The county isn’t the only entity responsible for funding the task force. But the federal program that has contributed much of the group’s bottom line over the past several years is under fire and the revenue stream may dry up for similar law enforcement agencies across the country.

Earlier this month, U.S. Attorney General Eric Holder announced a plan to drastically scale back a federal money-sharing program that distributed cash taken from suspected criminals. Holder’s decision came after The Washington Post launched an investigation last year questioning the methods by which officers seized the money that was then shared with law enforcement agencies nationwide.

The reports show the task force’s expenses have grown considerably in the past several years. The group spent more than $30,000 on money to buy drugs for confidential informants, for example, in 2013. That same year an OxyContin bust garnered national recognition for the task force.

Knezovich said grant funding is being trimmed at all levels of government, including the state.

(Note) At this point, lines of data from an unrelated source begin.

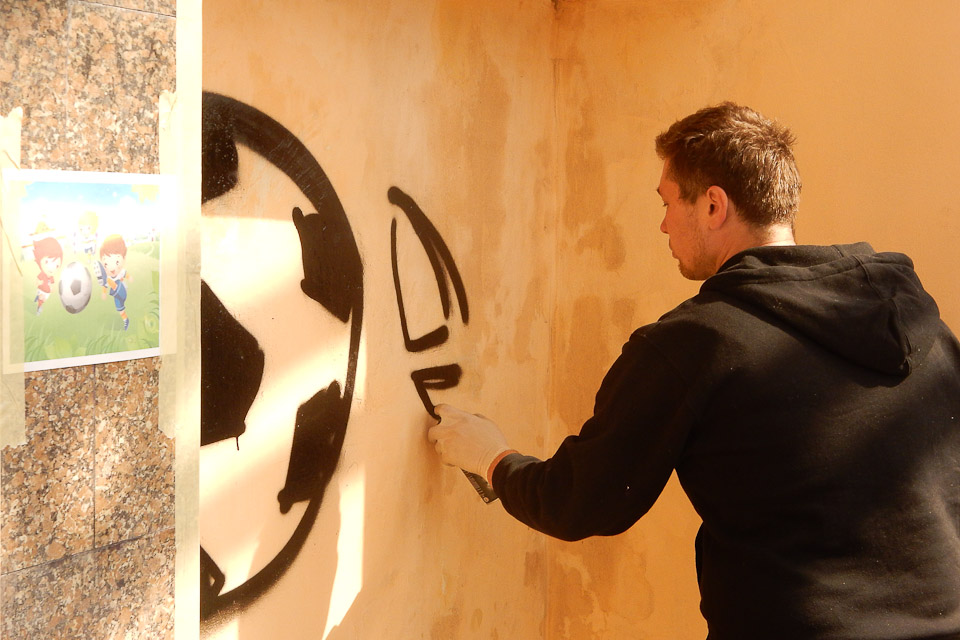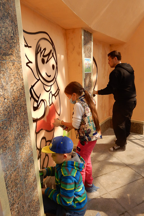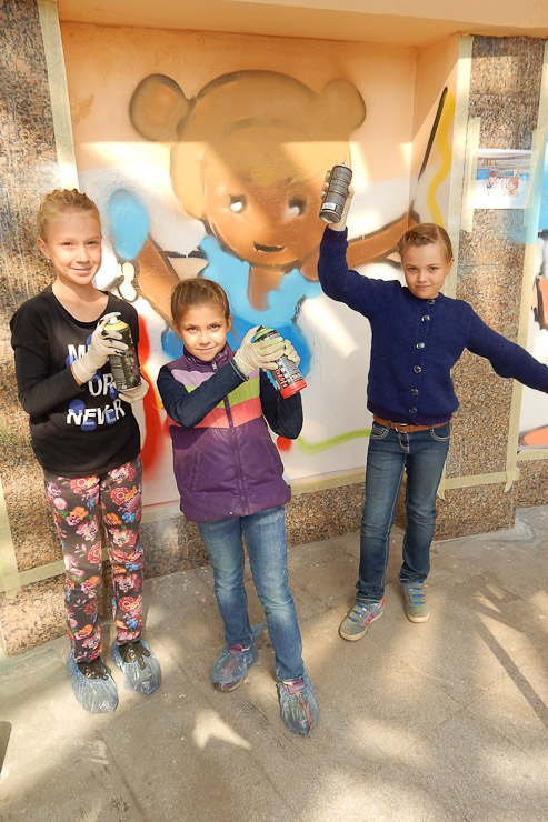 Бюджетное учреждение «Эксплуатация объектов внешнего благоустройства» обеспечило юным художникам необходимые условия для творчества. Работники предварительно подготовили стены перехода под роспись, очистили, выровняли. А предприятие на свои средства приобрело специальные баллончики с красками разных цветов. Ребята, их родители и художник Эдвин Франк оформляли стены перехода безвозмездно, в дар родному городу.
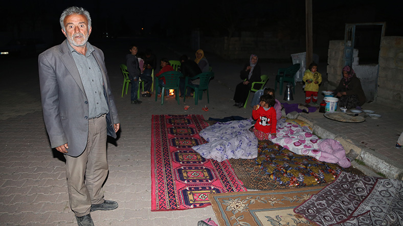 Mahmut Aydın’ın sekiz çocuğu ve 16 torunu aynı mahallede dört evde kalıyorlar. Onlar da geceyi sokakta geçirenlerden.
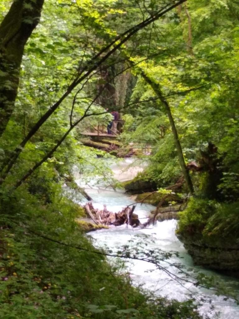While I rest a lot, Douglas is having a grand old time, walking and hiking all over the place. He spent a day hiking in a gorge about an hour’s drive away. I let him have what we call “Dougie Days,” where he goes off to do things I don’t have the courage to do or is too smart to do. I don’t want the defibrillator going off in Italy! These pictures give you an idea of how dangerous the hike was.

“Everybody at the elected level, at the policy level, is saying, ‘Drugs are not a big issue anymore,’ until you get that phone call from the neighborhood asking what about that drug house down the street,” Knezovich said.

Commissioner Al French said he agrees with Knezovich on the need to continue the task force.

“What that will look like, I think that’s something we’re still working on,” French said.

O’Quinn signaled that it may be difficult if the Sheriff’s Office leans on the county’s general fund for the bulk of the money to make up the task force’s budget shortfall. County commissioners will also have to navigate around a binding arbitration decision later this year that could award millions of dollars in back pay to deputies who have worked without a contract for several years.

“Money’s not growing on trees here,” she said.